Error-prone synthesis by Pol ζ and Pol η allows bypass of replication-blocking DNA lesions (46), and several mutator polymerases are known to create mutations in a Pol ζ-dependent manner (47–52). To test whether Pol ζ or Pol η lies downstream of Dun1 and contributes to the pol2 mutator phenotypes, we engineered pol2-4 and pol2-M644G strains lacking Pol ζ (rev3Δ) or Pol η (rad30Δ). We found that the pol2-4 and pol2-M644G mutator phenotypes remained robust in rev3Δ and rad30Δ strains (Fig. 2B and Table 1), suggesting that neither Pol ζ nor Pol η is responsible for the Dun1 effect on mutation rates or viability.

Dun1 Contributes to pol2-4 msh2Δ Synthetic Lethality.

Haploid yeast cells with combined defects in Pol proofreading and MMR succumb to error-induced extinction (18, 19, 53–56). The majority of spontaneous mutants that escape pol2-4 msh2Δ synthetic lethality harbor unknown mutations that are extragenic to pol2 (19). We observed that Dun1 deficiency suppressed pol2-4 msh2Δ error-induced extinction, although the pol2-4 msh2Δ dun1Δ cells exhibited poor colony-forming capacity compared with WT (Fig. 2B). A twofold to threefold decrease in the mutation rate is known to rescue haploid yeast from error-induced extinction (18, 19). To quantitate the influence of Dun1 on the synergy between MMR and polymerase proofreading defects, we examined the contribution of Dun1 to the pol2-4 mutator phenotype in the absence of msh6Δ, which is not synthetically lethal with pol2-4. We found the dun1Δ mutation rescued the synthetic sick phenotype of pol2-4 msh6Δ and reduced the mutation rate almost threefold (Fig. 2C and Table 1), indicating that more than half of pol2-4–dependent mutagenesis also depends on Dun1 in an MMR-deficient background. Thus, mutations in DUN1 or genes encoding upstream signaling components may account for some of the weak extragenic antimutator alleles that suppress the lethality of pol2-4 msh2Δ (19).
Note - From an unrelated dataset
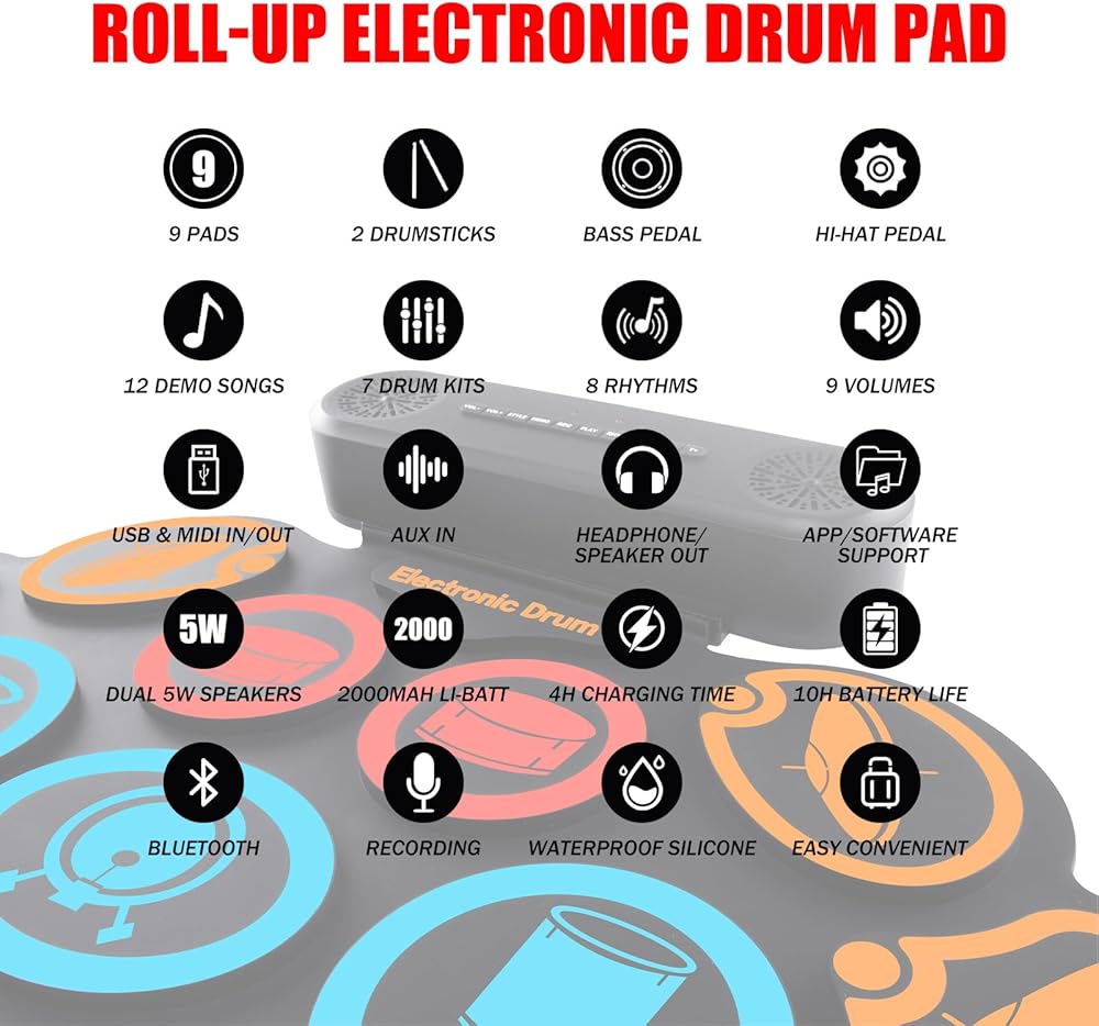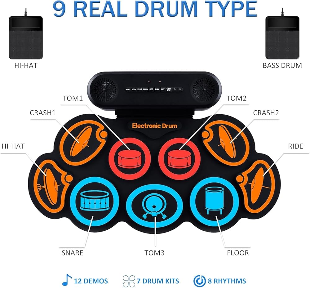 【🎁 هدية مثالية للموسيقيين الطموحين والأطفال الذين تزيد أعمارهم عن 8 سنوات】 تعد مجموعة الطبول الإلكترونية المكونة من 9 وسادات خيارًا ممتازًا كهدية للأطفال والكبار المهتمين بالموسيقى. مناسبة للأعمار من 8 سنوات فما فوق، وتوفر تجربة تعلم موسيقى كاملة وممتعة. تُعد WENTELMUSIC G7 الهدية المثالية للعطلات أو أعياد الميلاد التي تلهم الإبداع الموسيقي، مع ضمان لمدة عام للاستخدام بدون قلق.

pol2-4 and pol2-M644G Exhibit Divergent Effects on Cell Cycle Progression.

The pol3-01 allele confers a delayed progression through S-phase that is rescued by dun1Δ (21). To determine whether Pol ε mutator alleles elicit similar S-phase defects, we monitored the cell cycle progressions of pol2-4 and pol2-M644G strains by fluorescence-activated cell sorting (FACS). The cell cycle kinetics of the pol2-4 strain were indistinguishable from WT (Fig. 3A). The dun1Δ and pol2-4 dun1Δ strains were delayed in the initiation of S-phase (Fig. 3A) but appeared to divide at the same rate as WT. The delay in replication initiation in dun1Δ strains has been previously observed (32). The pol2-M644G strain progressed more slowly through S-phase, finally completing division 25 min later than WT. The majority of asynchronously dividing cells collected in the log-phase samples of pol2-M644G strains were in S-phase, further demonstrating the cell cycle defect of these mutants. These data suggest the pol2-M644G allele, but not pol2-4, confers an S-phase progression defect consistent with a requirement for Dun1 activity.

Fig. 3.

Cell cycle progression and RNR transcript expression in pol2-4 and pol2-M644G strains. (A) Cell cycle progression of pol2 mutator strains. Cells were synchronized with α-factor, released into rich medium, and monitored for DNA content by FACS. The x axis represents relative DNA content, and the y axis represents cell number at the indicated time points. Vertical lines indicate ploidy (1C and 2C). (B) Checkpoint induction in pol2 mutator strains. Transcript levels of RNR1 and RNR3 were measured by quantitative PCR assay, normalized to actin expression, and then normalized to the levels found in POL2 control cells. RNA isolated from POL2 cells treated with 200 mM hydroxyurea for 2 h was used as a positive control for checkpoint activation. Error bars show 95% confidence intervals for transcript expression based on three independent biological replicas. Asterisks denote expression levels that are significantly different (P ≤ 0.05) from POL2 control cells.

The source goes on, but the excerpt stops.